Il est urgent d’exiger des pays producteurs d’élevage intensif une révision

des techniques pratiquées. Toutefois des progrès notables ont été faits

pour interdire l’élevage des veaux en batterie. Ainsi, on peut se féliciter

de la décision de la Commission européenne en janvier 2007 de mettre un

terme à ce type de pratique. Un souci de protection de l’animal apparaît

dans la seconde directive 97/182/CE:

«  Tout veau qui paraît malade ou blessé doit être convenablement soigné

sans délai et un vétérinaire est consulté dès que possible pour tout veau

qui ne réagit pas aux soins de l’éleveur. »
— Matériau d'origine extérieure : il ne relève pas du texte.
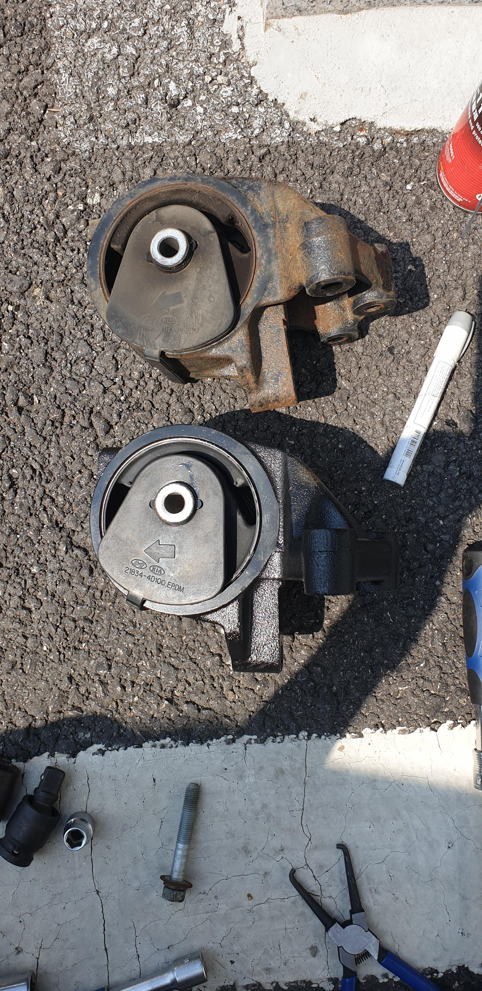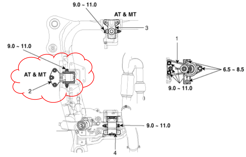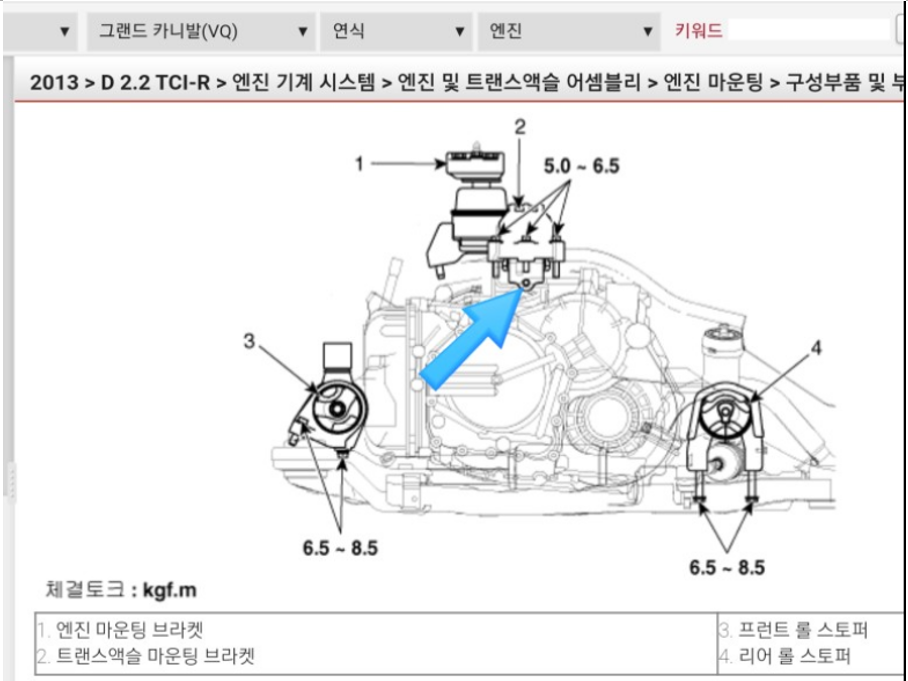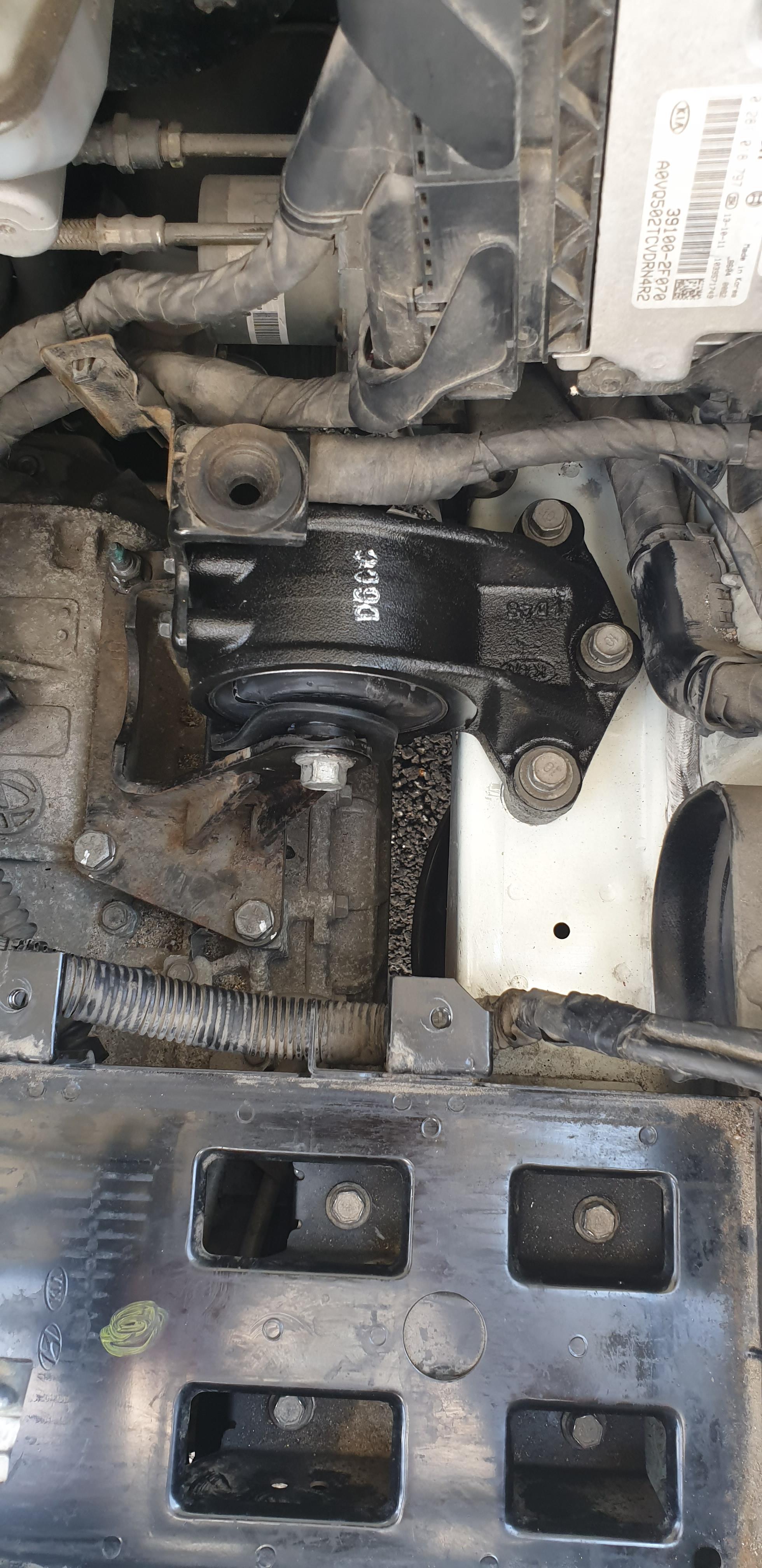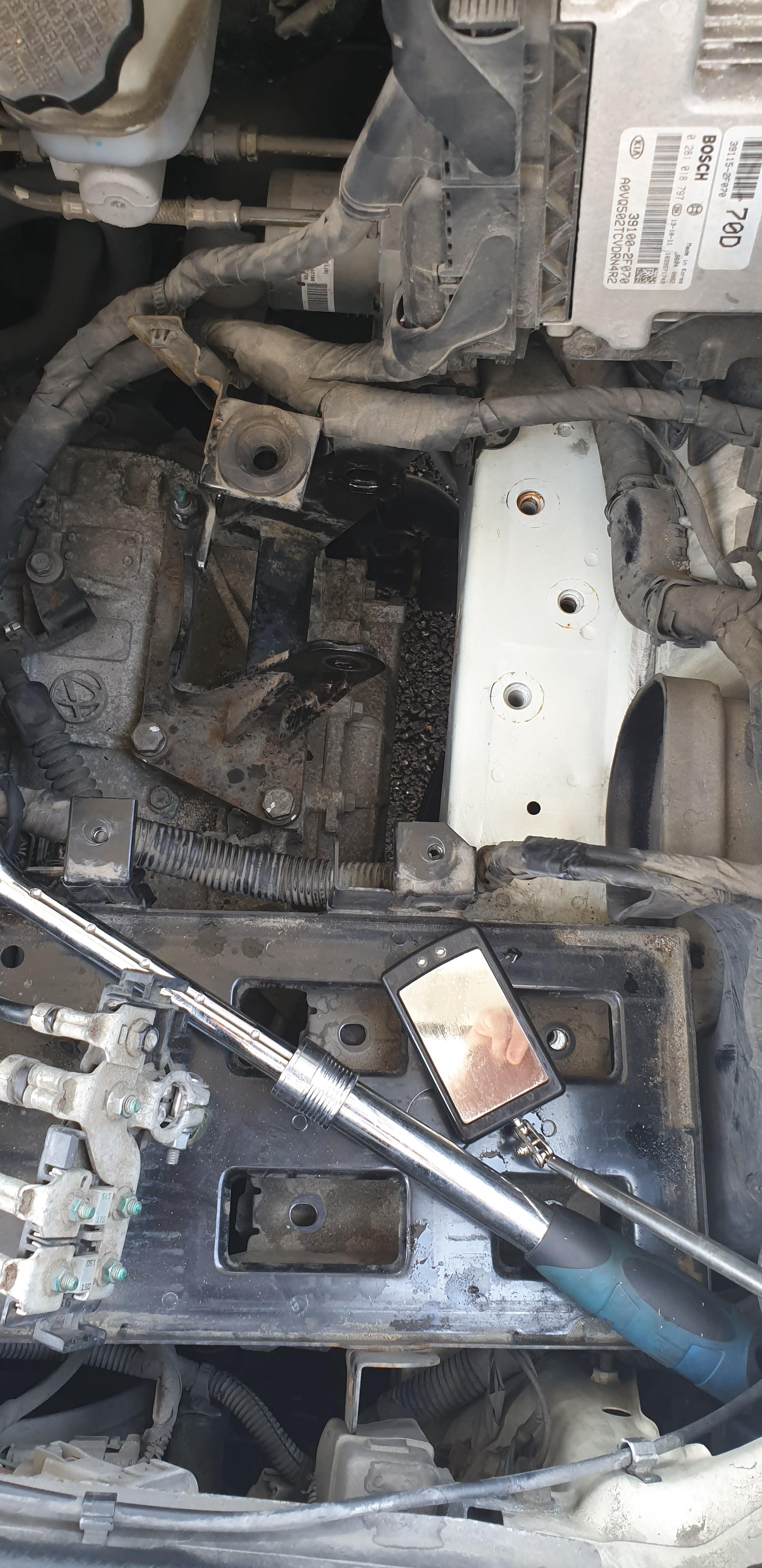 관통볼트는 라쳇으로 살짝만 조이고 미션 미미 하단을 받치고 있던 자키를 제거한 후에 정상 토크로 체결한다. 즉, 관통볼트에 정상 하중이 실려 있는 상태에서 최종 체결 토크로 조이기 위함이다. 정석으로 공차체결을 하려면 배터리를 연결하고 시동을 걸고 어쩌고 해야 하는데 귀찮아서 이렇게 했다. 정비소에서 미션 미미 공차체결을 해 주는 곳이 있으려나? 배터리 연결했다가 다시 탈거해야 하는데 이걸 정해진 공임과 시간에 해결해야 하는 입장에서 해 주기는 쉽지 않을 터이다.

Il existe par ailleurs des associations comme la fondation de la ligue

française des droits de l’animal (FLDA), la Société Protectrice des

animaux (SPA), la Royal Society en Grande-Bretagne et bien d’autres…

qui font pression sur les gouvernements pour obtenir des garanties quant

à la protection de l’animal.

La réflexion éthique s’impose car elle doit permettre à l’homme de

concevoir son rapport à l’animal autrement que sous l’angle de

l’instrumentalisation. Il est de ce fait évident que la force d’une

démocratie repose sur le bien-être de tous. Le défi consiste précisément à

sortir d’une logique de la domination et de l’exploitation. L’éthique

animale n’est donc pas seulement une discipline normative; elle doit

enseigner aux hommes à se montrer « humain ».